**The problem:** Although the entries contain pictures, return everything else in them verbatim and omit the pictures.

(The data Opens)

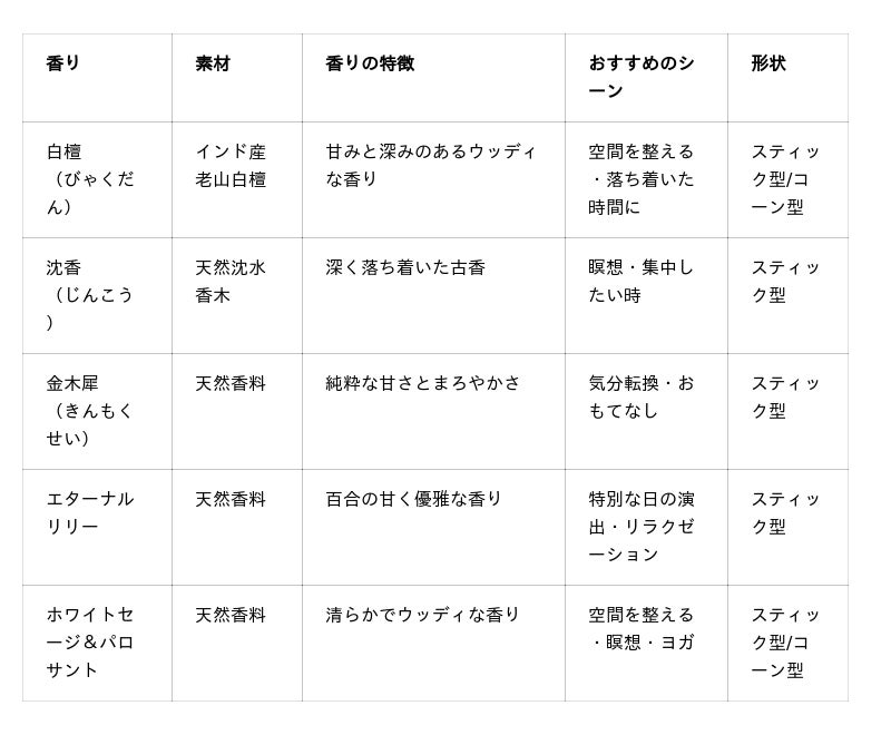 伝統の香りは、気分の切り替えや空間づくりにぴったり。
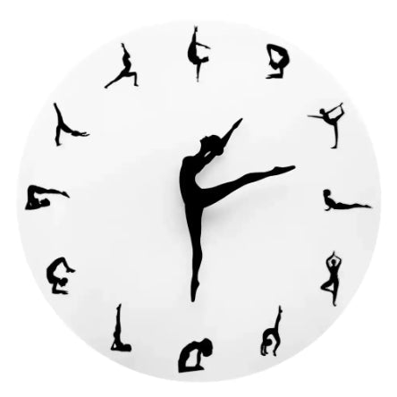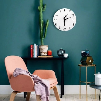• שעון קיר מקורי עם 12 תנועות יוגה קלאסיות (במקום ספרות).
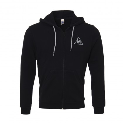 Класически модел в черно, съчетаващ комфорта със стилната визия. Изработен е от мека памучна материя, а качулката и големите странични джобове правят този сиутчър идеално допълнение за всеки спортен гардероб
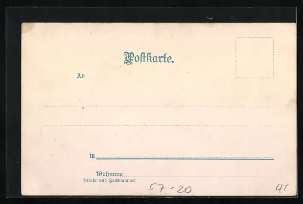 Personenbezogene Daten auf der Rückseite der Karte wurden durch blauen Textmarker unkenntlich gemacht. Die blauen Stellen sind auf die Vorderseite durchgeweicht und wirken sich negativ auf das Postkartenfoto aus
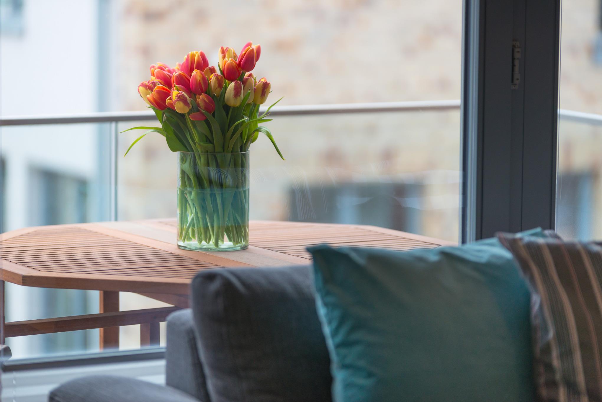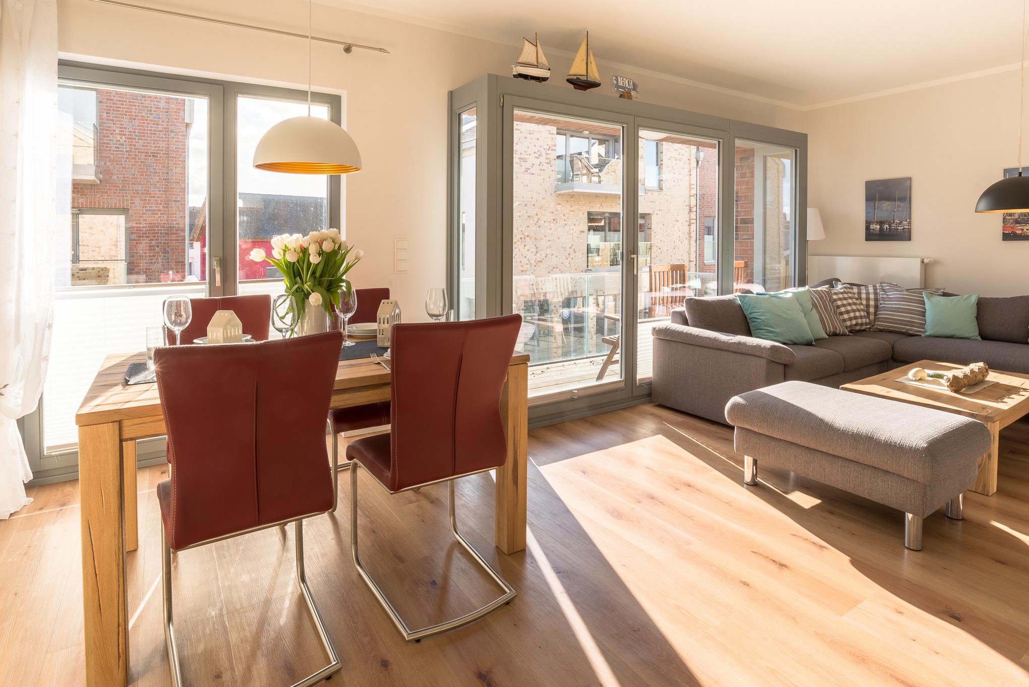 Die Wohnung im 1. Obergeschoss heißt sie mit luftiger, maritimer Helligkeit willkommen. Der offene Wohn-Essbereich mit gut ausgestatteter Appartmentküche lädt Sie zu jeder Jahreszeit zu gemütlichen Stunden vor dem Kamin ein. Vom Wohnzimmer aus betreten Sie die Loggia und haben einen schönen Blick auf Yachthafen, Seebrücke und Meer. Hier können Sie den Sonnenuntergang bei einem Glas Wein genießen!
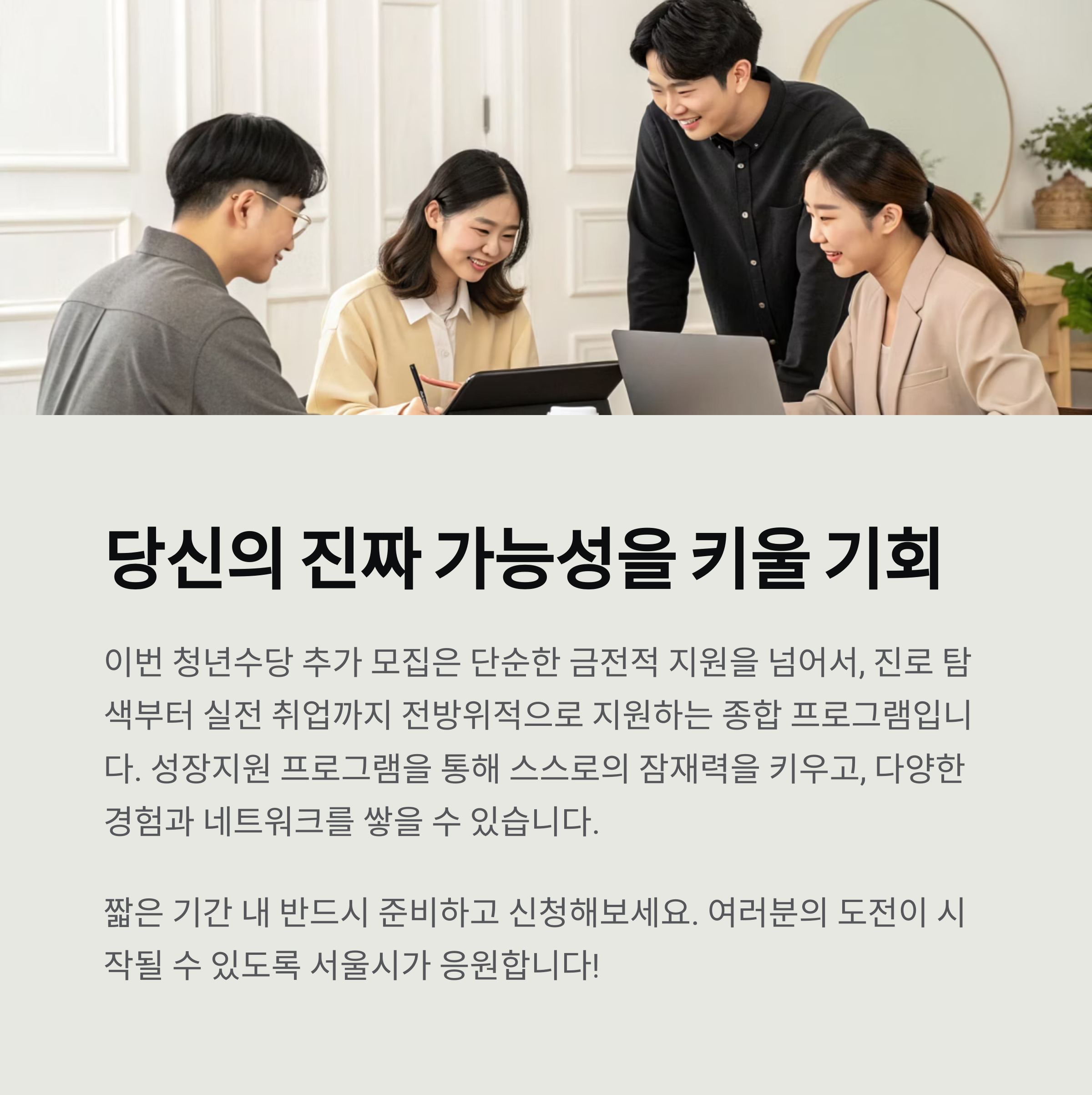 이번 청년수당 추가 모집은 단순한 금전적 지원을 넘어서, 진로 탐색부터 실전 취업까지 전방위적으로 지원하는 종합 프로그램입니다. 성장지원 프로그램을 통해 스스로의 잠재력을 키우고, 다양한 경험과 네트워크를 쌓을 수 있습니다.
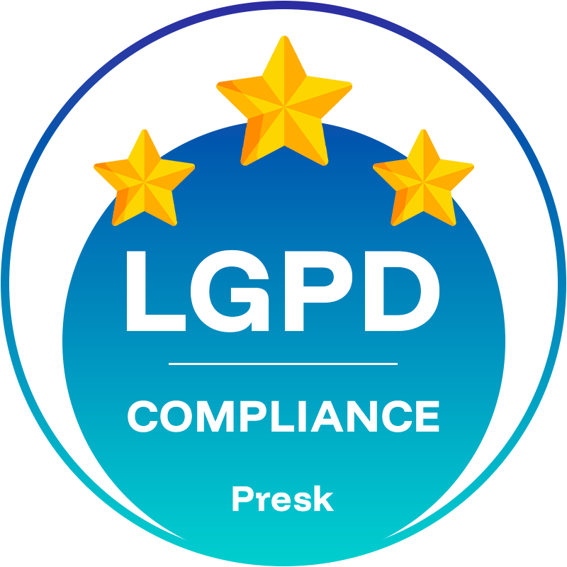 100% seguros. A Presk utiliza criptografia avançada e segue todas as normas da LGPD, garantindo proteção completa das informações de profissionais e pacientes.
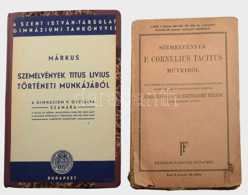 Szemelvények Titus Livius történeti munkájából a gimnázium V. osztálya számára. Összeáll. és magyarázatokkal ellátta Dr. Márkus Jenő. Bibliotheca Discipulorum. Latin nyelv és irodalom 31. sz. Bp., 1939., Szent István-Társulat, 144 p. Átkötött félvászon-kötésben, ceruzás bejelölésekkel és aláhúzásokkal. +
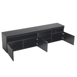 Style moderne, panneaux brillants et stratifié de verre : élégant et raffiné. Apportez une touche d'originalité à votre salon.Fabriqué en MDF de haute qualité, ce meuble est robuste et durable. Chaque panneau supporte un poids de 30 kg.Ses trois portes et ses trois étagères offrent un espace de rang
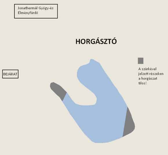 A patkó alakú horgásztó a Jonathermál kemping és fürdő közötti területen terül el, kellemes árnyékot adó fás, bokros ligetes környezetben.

(The data Closes)

**The answer:**
 伝統の香りは、気分の切り替えや空間づくりにぴったり。
• שעון קיר מקורי עם 12 תנועות יוגה קלאסיות (במקום ספרות).
 Класически модел в черно, съчетаващ комфорта със стилната визия. Изработен е от мека памучна материя, а качулката и големите странични джобове правят този сиутчър идеално допълнение за всеки спортен гардероб
 Personenbezogene Daten auf der Rückseite der Karte wurden durch blauen Textmarker unkenntlich gemacht. Die blauen Stellen sind auf die Vorderseite durchgeweicht und wirken sich negativ auf das Postkartenfoto aus
 Die Wohnung im 1. Obergeschoss heißt sie mit luftiger, maritimer Helligkeit willkommen. Der offene Wohn-Essbereich mit gut ausgestatteter Appartmentküche lädt Sie zu jeder Jahreszeit zu gemütlichen Stunden vor dem Kamin ein. Vom Wohnzimmer aus betreten Sie die Loggia und haben einen schönen Blick auf Yachthafen, Seebrücke und Meer. Hier können Sie den Sonnenuntergang bei einem Glas Wein genießen!
 이번 청년수당 추가 모집은 단순한 금전적 지원을 넘어서, 진로 탐색부터 실전 취업까지 전방위적으로 지원하는 종합 프로그램입니다. 성장지원 프로그램을 통해 스스로의 잠재력을 키우고, 다양한 경험과 네트워크를 쌓을 수 있습니다.
 100% seguros. A Presk utiliza criptografia avançada e segue todas as normas da LGPD, garantindo proteção completa das informações de profissionais e pacientes.
 Szemelvények Titus Livius történeti munkájából a gimnázium V. osztálya számára. Összeáll. és magyarázatokkal ellátta Dr. Márkus Jenő. Bibliotheca Discipulorum. Latin nyelv és irodalom 31. sz. Bp., 1939., Szent István-Társulat, 144 p. Átkötött félvászon-kötésben, ceruzás bejelölésekkel és aláhúzásokkal. +
 Style moderne, panneaux brillants et stratifié de verre : élégant et raffiné. Apportez une touche d'originalité à votre salon.Fabriqué en MDF de haute qualité, ce meuble est robuste et durable. Chaque panneau supporte un poids de 30 kg.Ses trois portes et ses trois étagères offrent un espace de rang
 A patkó alakú horgásztó a Jonathermál kemping és fürdő közötti területen terül el, kellemes árnyékot adó fás, bokros ligetes környezetben.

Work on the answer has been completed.